◆ **The task**
In the data below, find the line with "- Roll out sausages" and the line with "Collapsible 600D Oxford", then restate both and every line between them exactly, minus the pictures.

◆ **Input data**
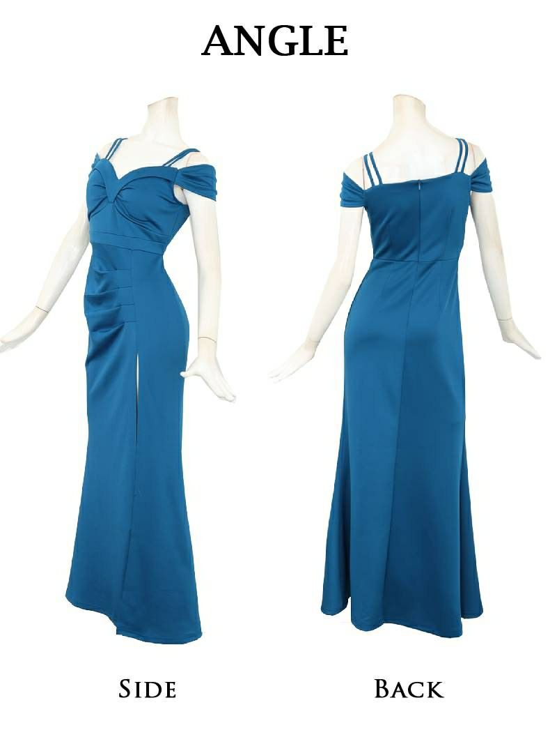 デコルテを綺麗に見せるオフショルデザインが、色っぽさを引き出すロングドレスです。
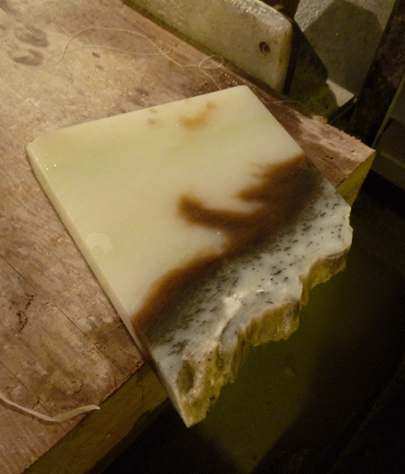 The slab I acquired was cut from a larger stone. It took a whole day to find a slab good enough for the bangle.
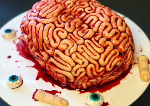 - Roll out sausages of the fondant and use those to create the brain all over the sponge. then spoon over lots of edible blood!.
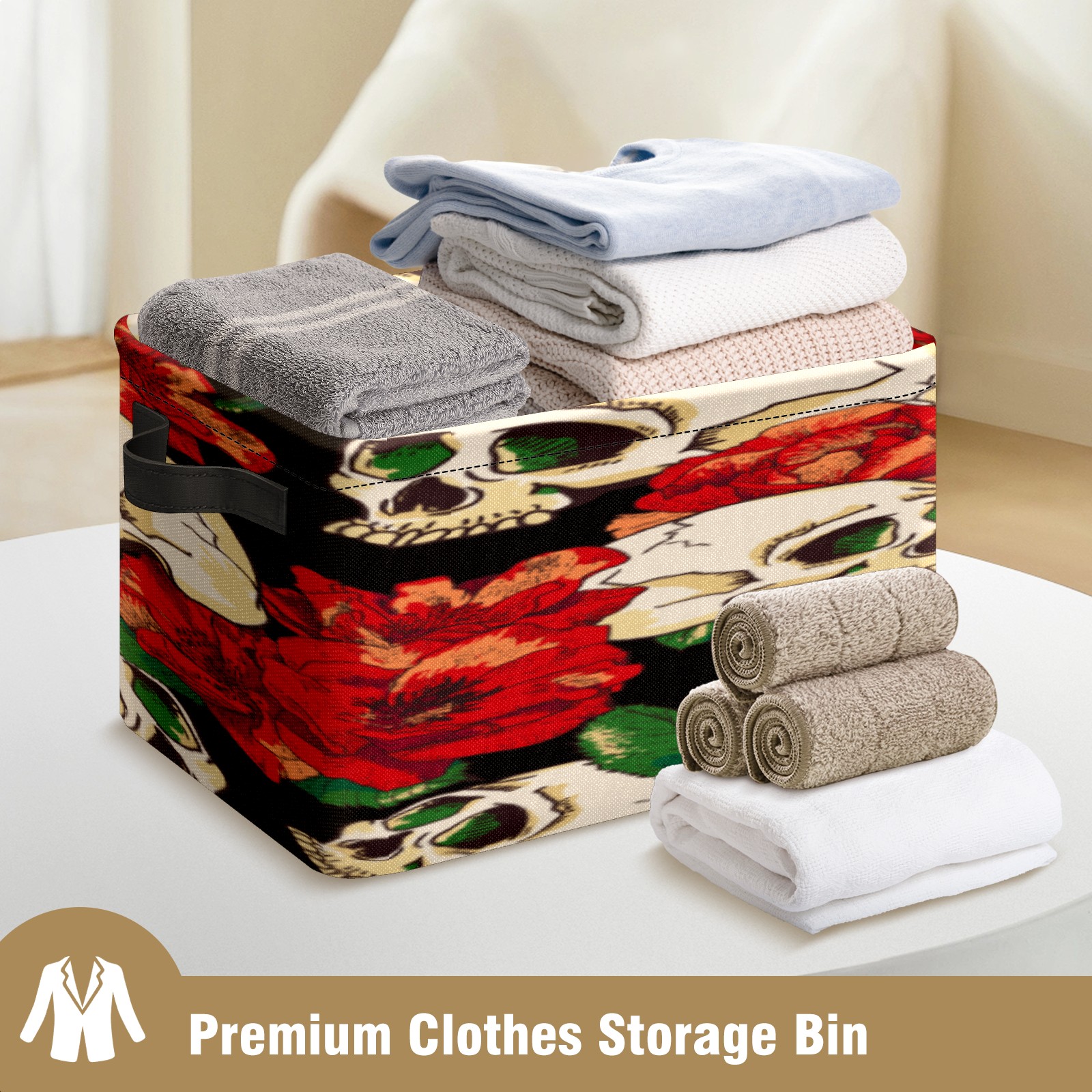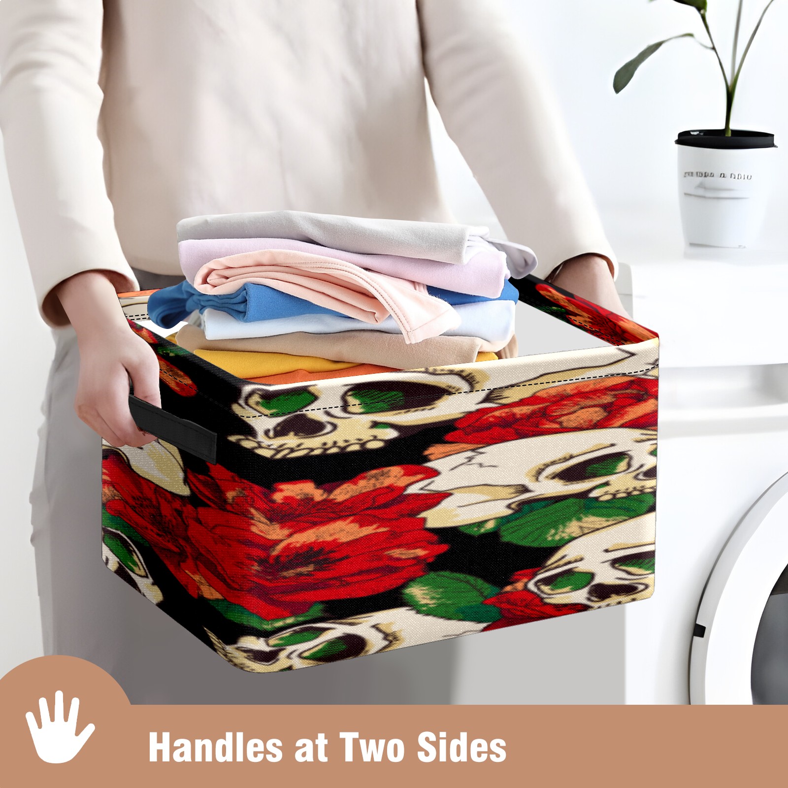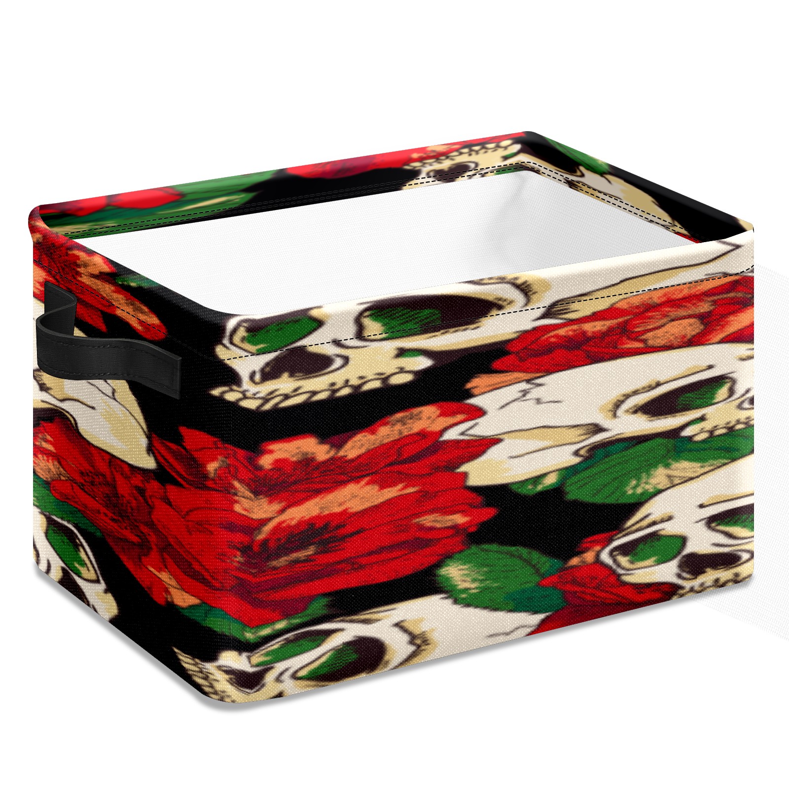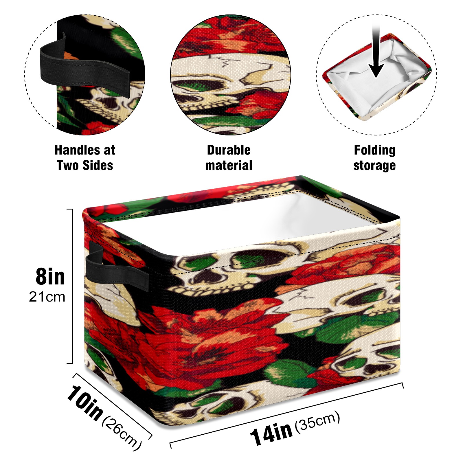 Collapsible 600D Oxford Storage Basket with Halloween Skeleton Rose - Metal Frame 10"x14"x8" Reinforced Handles, Multi-Purpose Organizer
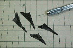 水平尾翼と垂直尾翼の位置出しをして、エルロン・エレベーターのリンケージ用マイクロカーボンパイプを予め取り出しておきます。 |

◆ **Answer space**
 - Roll out sausages of the fondant and use those to create the brain all over the sponge. then spoon over lots of edible blood!.
 Collapsible 600D Oxford Storage Basket with Halloween Skeleton Rose - Metal Frame 10"x14"x8" Reinforced Handles, Multi-Purpose Organizer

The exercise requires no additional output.